A few weeks ago, I went to a local farmer’s market and got a few packets of millets like Barnyard millet and foxtail millet. Though I use sorghum (jowar), ragi (finger millets) and pearl millet (bajra) regularly, mostly I use them in powder form. I add them to my rotis, dosas or adais. I barely ever use the whole millet. So, I tried out a couple of recipes replacing them for rice. The first one I made was a khichdi using dal, millets and veggies. That turned out pretty nice.
Then I tried making upma with the millets. Here’s my recipe. It’s quite simple and easy to do.

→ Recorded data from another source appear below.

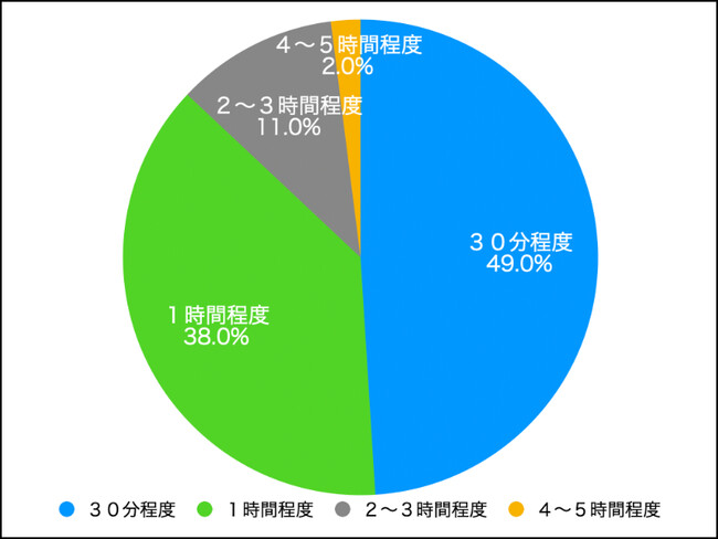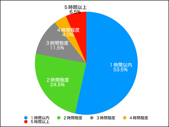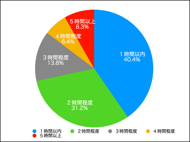 回答者全員のグラフと比べると、1時間以内が53%→40%に減っていて、2時間程度~5時間以上の割合が少しずつ増えていることがわかります。
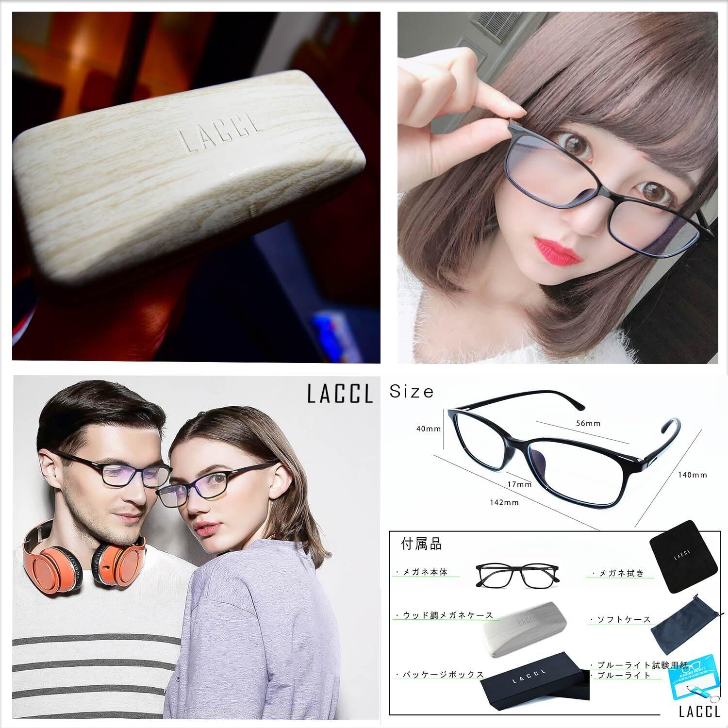 LACCL ラクル ブルーライトカット メガネ 超軽量 14グラム 伊達眼鏡 メンズ レディース クリアレンズ 度なし 001
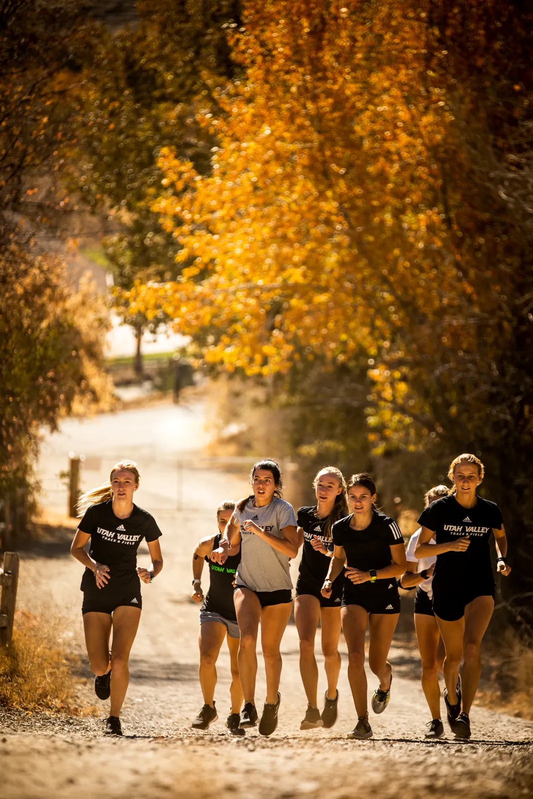 The women's cross country team runs up an access road during a recent practice run.
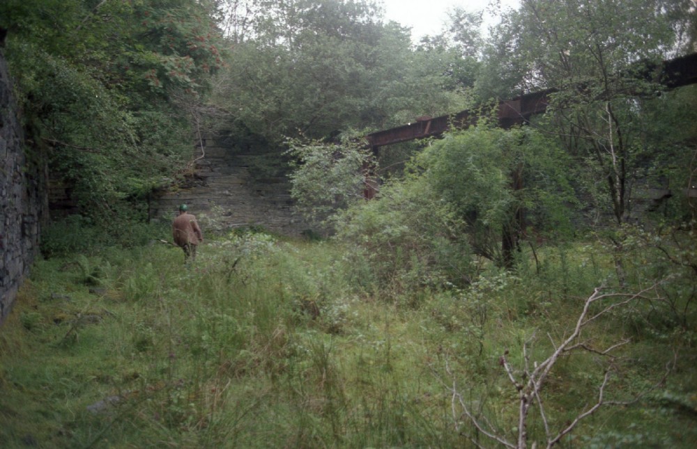This is the 'new' mill of 1867. This view is looking west towards the exit incline drumhouse which abuts the west wall. Note the overgrowth, trees and the girdering.
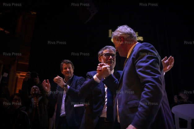 Légende : Toulouse, le 11 mars 2026 - Olivier Faure (C), premier secrétaire du PS, avec François Briançon (D) et Yannick Jadot (G), sénateur écologiste. Meeting de François Briançon, membre du Parti Socialiste qui mène la liste "Vivre mieux" de la gauche unie hors LFI à Toulouse pour les élections municipales de mars 2026. Photo: Vincent Nguyen / Riva Press ***

Healthy Barnyard Millet Upma Recipe
- 250 gm. Barnyard millets
- 1 onion chopped finely
- 2 to matoes chopped finely
- 2-3 green chillies slit in halves optional
- 1 cup chopped veggies beans, carrots, bean sprouts, mushroom
- 1 tbsp. ginger-garlic paste
- ½ tsp. turmeric powder
- ½ tsp. garam masala powder
- 1 tsp. red chilly powder optional
- coriander leaves for garnishing
- Ghee for serving optional
- For tempering
- 2 tsp. oil
- 1 tsp. mustard seeds
- ½ tsp. cumin seeds
- 1 tsp. urad dal split black gram
- 1 pinch asafetida
- A sprig of curry leaves
Soak the millets for a couple of hours.
In a pressure cooker, heat the oil.
Add mustard seeds, allow to sputter. Add cumin seeds, urad dal, asafetida and curry leaves. Fry for 30 seconds.
Add in the chopped onions and fry till translucent.
Add the ginger-garlic paste, slit green chillies and tomato. Let it cook down for a couple of minutes.
Now add the soaked and drained millets and fry in the mixture for 2 minutes.
Add in the turmeric powder, garam masala powder, chilly powder and salt.
Add about 2 cups water. Millets need more water to cook than regular grains.
Pressure cook for 3 whistles. Switch off the heat and let is cool down.
Taste and adjust seasoning.
Garnish with chopped coriander and serve with a tsp. of ghee on top.
1. You can substitute barnyard millets with foxtail millets, broken wheat or broken barley.
2. I avoid veggies like capsicum that get very mushy when pressure cooked. You can add broccoli, cauliflower, potatoes or any other veggies that you like.
3. You can skip ghee but it really does taste good with it and becomes more moist too.
This is tasty, healthy and makes for a filling breakfast. I normally pair this with boiled or fried egg to make a complete meal out of it.
Do try and let me know how you liked it.